Lee Child's Make Me: Jack Reacher again

So first we have Elizabeth Fischer's assisted suicide, then we have David M's reaction to it ("The New Reindeer 2015," good luck acquiring it). Then, a couple of days before David's Christmas show, I picked up Lee Child's Make Me - the 20th Jack Reacher novel, acquired as a "speed read" from the Burnaby Library. I just burned through it this morning; 400 pages in one week is a speed read indeed, by my standards...

I'm not particularly proud of the fact that I've read every one of the Reacher books. Each of them is so cut-from-the-same-cloth as to make Donald E. Westlake's Parker series seem varied and complex. Reacher comes to town, stumbles into a situation; aids a woman in distress; investigates and confronts an evil; overcomes various obstacles; wins; and leaves town. In about seventeen of twenty of them he has a brief affair with the woman in question. Very occasionally you get titles that distinguish themselves from the others, say by taking us back to Reacher's military days, or having the narrative written in the first person. My favourite of the books, The Hard Way, is fun because at pretty much every turn, Reacher makes crucial errors of deduction or judgment, succeeding in the end largely by accident, and with a great deal of help from outside (including help from women; sisterhood is a big theme of the book, which I like less because it's politically correct than because it is a fresh variant in the usual tough-guy-thriller formula). My least favourites are the odd ones that end up seeming somewhat misogynist (The Affair, say, where the entire plot revolves around the question of whether a woman Reacher is sleeping with is guilty of murder. It's well-written, but the whole point of it is kind of morally suspect, like maybe Child - real name Jim Grant - was channelling some sort of personal frustrations with females. It's his Basic Instinct, more or less). They're a bit of a guilty pleasure - the pulpiest of pulp - but they're perfectly constructed, every one of them, and easy to read as coffee is to drink. So what the hell.

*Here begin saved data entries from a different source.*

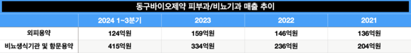 금융감독원 전자공시시스템에 따르면 동구바이오제약의 지난해 3분기 말 기준 장단기 차입금 규모는 739억원이다. 1년 전(355억원)과 비교하면 2배 이상 급증했다. 2년 전(230억원)에 비하면 3배 수준이다.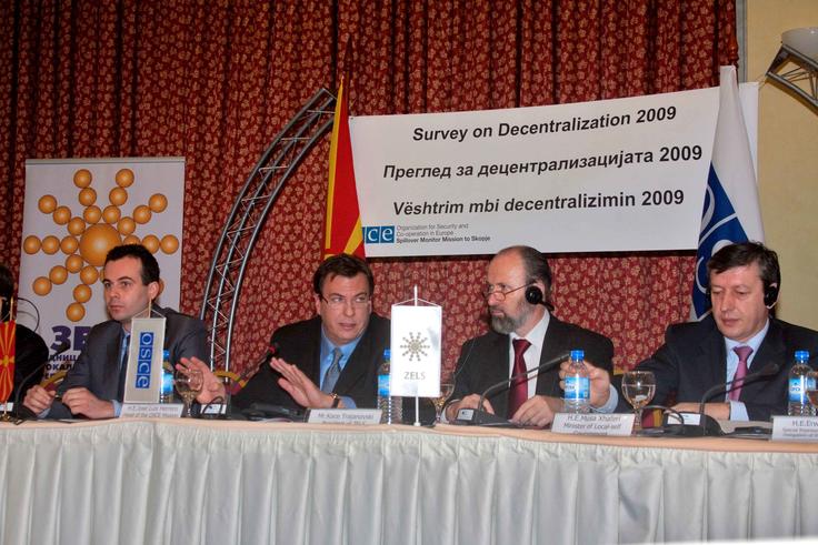 L-r: Deputy Prime Minister for European Affairs Vasko Naumovski, Head of OSCE Mission to Skopje Jose-Luis Herrero, President of the Association of Municipalities Koce Trajanovski, and Minister for Local Government Musa Xhaferi, Skopje, 17 December 2009.
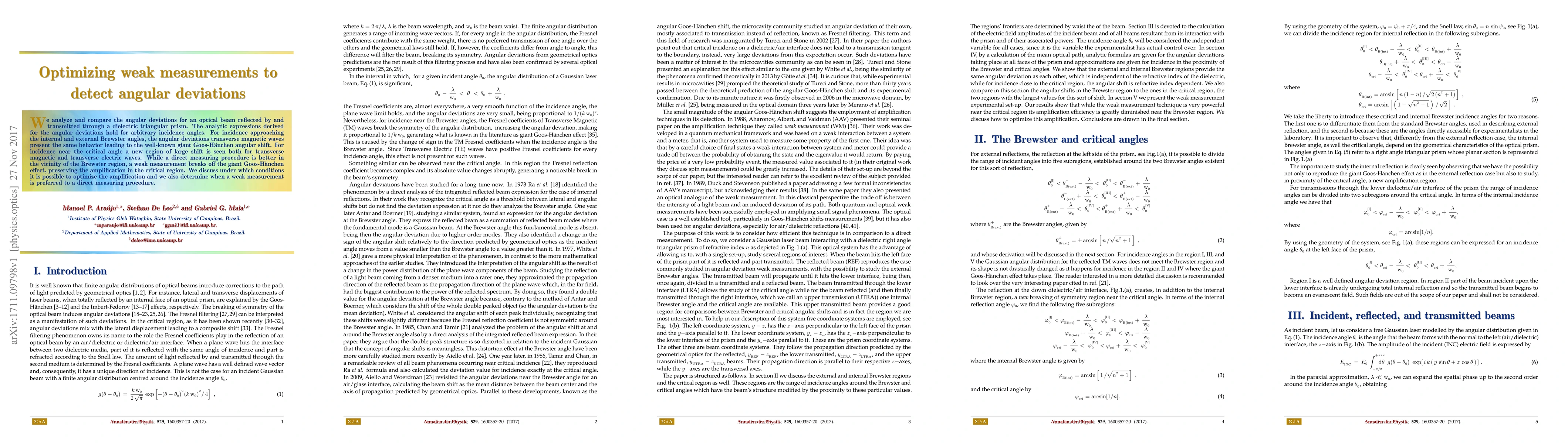 This paper analyzes angular deviations of optical beams as they pass through a dielectric triangular prism, finding that weak measurements can optimize detection of these deviations near the critical angle.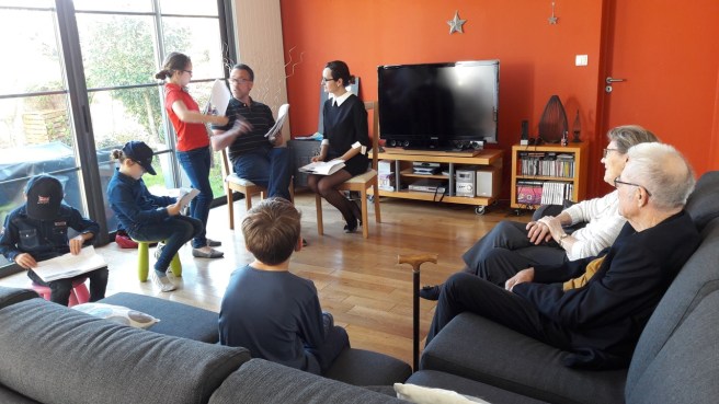 « J’ai aimé ce projet « de famille » clé en main : les échanges en famille et avec l’auteur sur le texte, sur les manières de l’interpréter. J’ai apprécié qu’il soit positif sur nos propositions, sur nos actions. J’ai aimé tous les préparatifs et l’excitation de la représentation. J’ai aimé aussi la prolongation de l’après-midi autour d’un jeu. »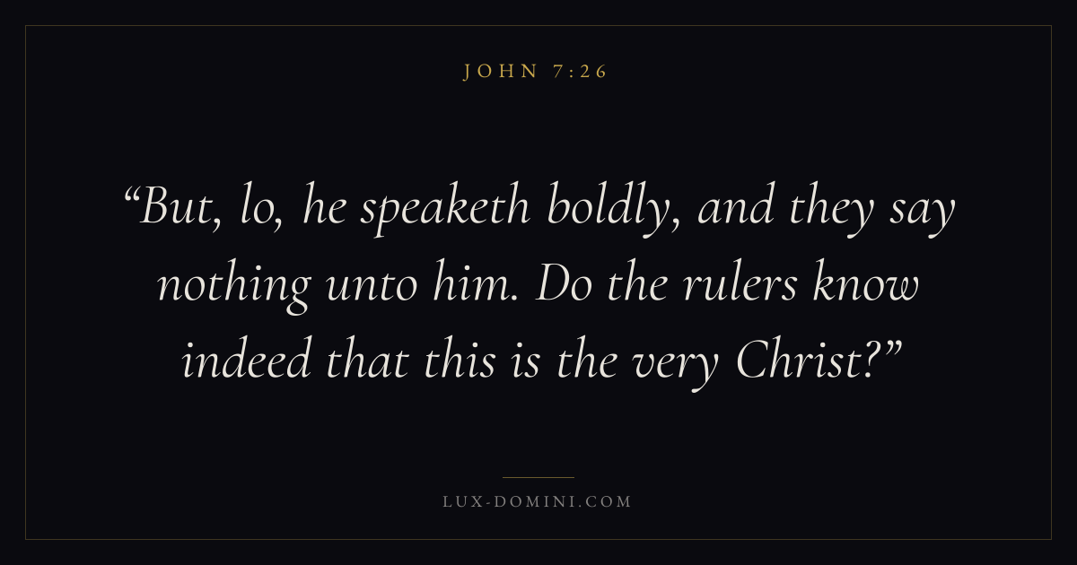 But, lo, he speaketh boldly, and they say nothing unto him. Do the rulers know indeed that this is the very Christ?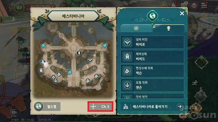 지도 하단에 위치한 채널이동 버튼을 통해 채널이동이 가능하다 = 게임조선 촬영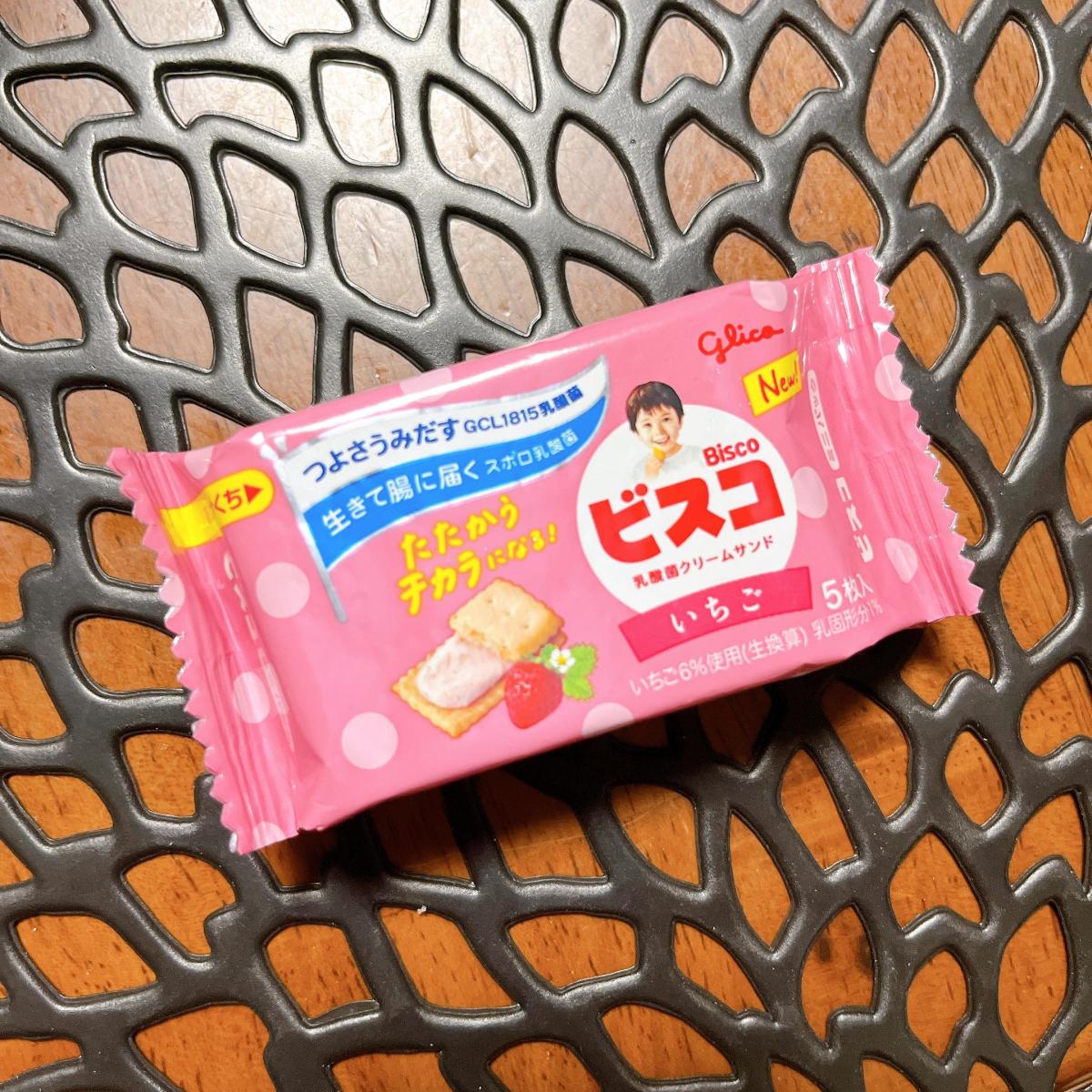 ナッツかビスケット、今はこのいちごのビスコが入っています。ビスコは子供の甘いおやつといったイメージがありますが、乳酸菌や食物繊維も配合された腸にやさしいビスケットです。いちごの甘酸っぱいクリームとサクサクの食感が美味しいですね。

Anyhow, early in the novel, a scenario occurs where people arrive at a mysterious hotel in a farming district, lightly packed; they are met by a luxury sedan; they spend one night in the hotel, and then are driven off into the dawn. Why they have arrived, where they are going is a mystery; we know it connects with murder - someone is killed at the very beginning of the book, to protect the mystery - but no explanation is given, and even Reacher himself doesn't figure it out.

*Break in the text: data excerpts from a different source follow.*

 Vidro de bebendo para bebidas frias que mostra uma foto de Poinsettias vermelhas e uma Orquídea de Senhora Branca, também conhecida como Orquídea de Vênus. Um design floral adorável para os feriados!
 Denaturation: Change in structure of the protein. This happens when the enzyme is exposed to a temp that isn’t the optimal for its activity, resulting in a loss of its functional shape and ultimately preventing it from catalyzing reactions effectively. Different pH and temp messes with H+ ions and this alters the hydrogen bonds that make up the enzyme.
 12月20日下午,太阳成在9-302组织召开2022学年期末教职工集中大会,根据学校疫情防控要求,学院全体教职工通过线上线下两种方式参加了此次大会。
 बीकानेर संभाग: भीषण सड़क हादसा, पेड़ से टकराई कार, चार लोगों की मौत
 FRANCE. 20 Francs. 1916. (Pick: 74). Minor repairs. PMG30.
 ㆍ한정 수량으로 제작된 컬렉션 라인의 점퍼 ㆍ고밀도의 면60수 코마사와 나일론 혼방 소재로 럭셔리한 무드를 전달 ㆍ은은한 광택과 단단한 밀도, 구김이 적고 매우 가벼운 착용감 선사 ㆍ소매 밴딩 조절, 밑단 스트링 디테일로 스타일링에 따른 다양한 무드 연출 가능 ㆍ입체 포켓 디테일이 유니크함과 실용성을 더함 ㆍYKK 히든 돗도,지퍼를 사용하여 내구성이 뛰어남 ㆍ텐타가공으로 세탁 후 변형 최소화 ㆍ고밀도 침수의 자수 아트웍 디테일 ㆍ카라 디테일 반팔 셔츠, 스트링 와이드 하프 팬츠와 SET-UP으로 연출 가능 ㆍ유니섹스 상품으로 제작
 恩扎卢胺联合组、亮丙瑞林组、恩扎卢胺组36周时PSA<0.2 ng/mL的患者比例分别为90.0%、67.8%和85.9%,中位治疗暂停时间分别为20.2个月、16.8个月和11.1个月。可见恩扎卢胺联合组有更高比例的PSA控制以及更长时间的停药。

My first thought was, "I bet this is all about assisted suicide."

I'm a clever guy.

Anyhow, I haven't a lot of time to review the book - have to go to work! - and I wouldn't want to spoil it, but I enjoyed this particular novel; it's a little darker than some in the series, though it's every bit a Reacher novel, dependable as McDonalds. I have friends who feel like Child has been slipping a bit, but I haven't noticed it. This is yet another fine, fun read.

(And it IS about assisted suicide... sort of). 

1 comment:

David M. said...

Life is precious, stay as long as possible, do what you can, don't take my word for it, just ask Lemmy.